Особенно явно коллективные аспекты такого влечения к смерти выводятся в «Бесах»: головокружению небытия здесь поддается в итоге целый городок, страдающий от все более жестоких потрясений. Между абсурдным праздником Юлии Михайловны, пожарами, убийствами и прокатившейся по всему местному обществу волной скандалов существует метафизическая связь. Все это – единое бедствие, и без демонического заражения вкупе с подрывной работой злого духа в верхах и низах общества беспорядочная деятельность Верховенского – человека весьма посредственного – его ни за что бы не спровоцировала. «Мы провозгласим разрушение… – визжит Верховенский, – почему, почему, опять-таки, эта идейка так обаятельна!»

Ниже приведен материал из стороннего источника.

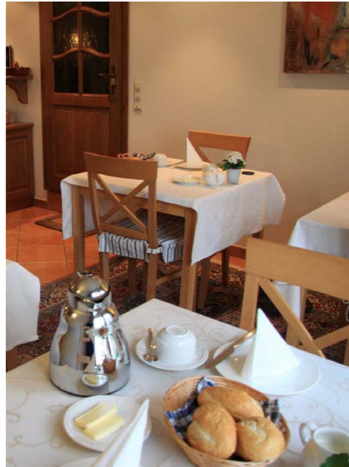
Liège - ENTI 2011

Неистовство «бесов» предвосхищается и в более ранних романах. Полным бардаком у Достоевского кончаются почти все великие массовые сцены: в «Преступлении и наказании» это престранные поминки по Мармеладову, в «Идиоте» – основные сцены на даче Лебедева, прерванный появлением Настасьи Филипповны публичный концерт, пощечина князю Мышкину… Достоевского всегда преследует одно и то же зрелище, но по мере восхождения к вершинам своего гения романист будто бы утрачивает способность вызывать в нас ужас. В тексте раскрывается уже не его собственное воображение, а литературный жанр. Достоевский не может пересечь границ правдоподобия. По сравнению с тем кошмаром, который преследует больного Раскольникова, перечисленные нами сцены кажутся еще сравнительно мирными. Прямо перед освободительной концовкой герой оказывается в низшем из кругов ада. Чтобы разглядеть эту грозящую поглотить мир Достоевского бездну, его ужасные видения следует сблизить с великими романическими сценами:
Ему грезилось в болезни, будто весь мир осужден в жертву какой-то страшной, неслыханной и невиданной моровой язве, идущей из глубины Азии на Европу. Все должны были погибнуть, кроме некоторых, весьма немногих, избранных. Появились какие-то новые трихины, существа микроскопические, вселявшиеся в тела людей. Но эти существа были духи, одаренные умом и волей. Люди, принявшие их в себя, становились тотчас же бесноватыми и сумасшедшими. Но никогда, никогда люди не считали себя так умными и непоколебимыми в истине, как считали зараженные. Никогда не считали непоколебимее своих приговоров, своих научных выводов, своих нравственных убеждений и верований… Все были в тревоге и не понимали друг друга, всякий думал, что в нем в одном и заключается истина, и мучился, глядя на других, бил себя в грудь, плакал и ломал себе руки. Не знали, кого и как судить, не могли согласиться, что считать злом, что добром. Не знали, кого обвинять, кого оправдывать. Люди убивали друг друга в какой-то бессмысленной злобе.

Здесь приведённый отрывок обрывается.